La Vieille Airfield is an abandoned World War II military airfield, which is located in the commune of Saint Georges d'Elle in the Normandy region of northern France.

Located at the " Hameau Lavieille " - Saint Georges d'Elle ( to the northeast of the commune), at the foot of the Hill 192 at 10 km of Saint Lô; the United States Army Air Force established a temporary airfield on 31 July 1944, shortly after the Allied landings in France The airfield was constructed by the IX Engineering Command, 818th Engineer Aviation Battalion.

==History==
Known as Advanced Landing Ground "A-19", the airfield consisted of a single 5000' (1500m) Prefabricated Hessian Surfacing/Compressed Earth runway (3600 PHS/1400 ETH) aligned 01/19. In addition, tents were used for billeting and also for support facilities; an access road was built to the existing road infrastructure; a dump for supplies, ammunition, and gasoline drums, along with a drinkable water and minimal electrical grid for communications and station lighting.

The 370th Fighter Group, based P-38 Lightning fighters at La Vieille from 15 August though 6 September 1944.

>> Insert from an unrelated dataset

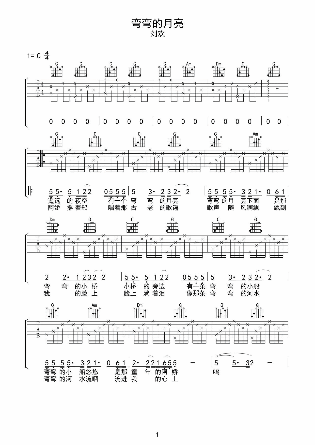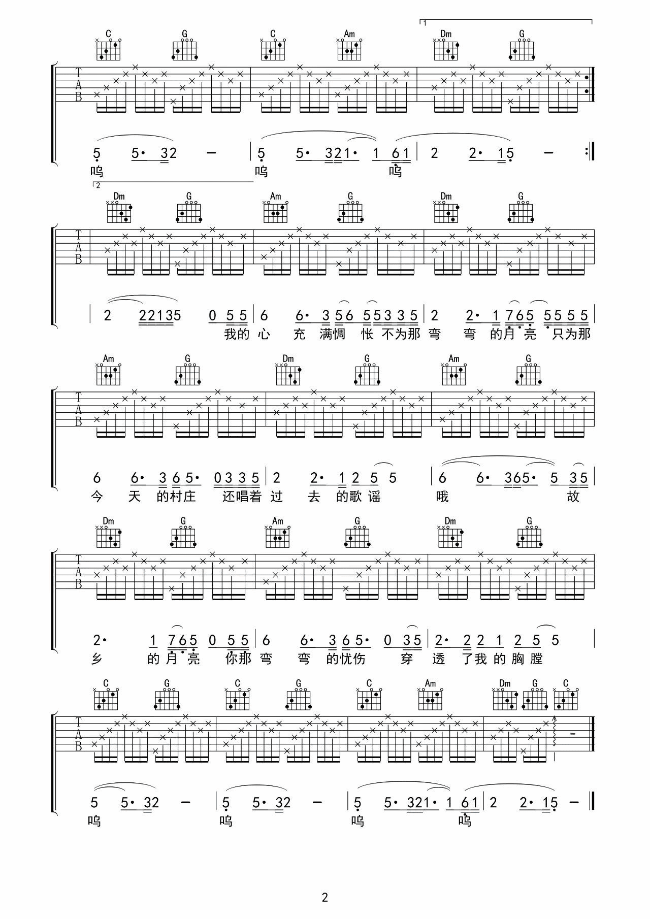 吉他谱 | 热门弹唱《弯弯的月亮》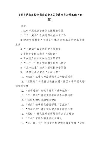 / 【七哥公文】2024年:在党员队伍建设专题座谈会上的交流发言材料汇编+更多免费公文+VX:QiGeGongWen2024

The fighter planes flew support missions during the Allied invasion of Normandy, patrolling roads in front of the beachhead; strafing German military vehicles and dropping bombs on gun emplacements, anti-aircraft artillery and concentrations of German troops in Normandy and Brittany when spotted.

After the Americans moved east into Central France with the advancing Allied Armies, the airfield was closed on 7 September 1944. Today the airfield is indistinguishable from the agricultural fields in the area.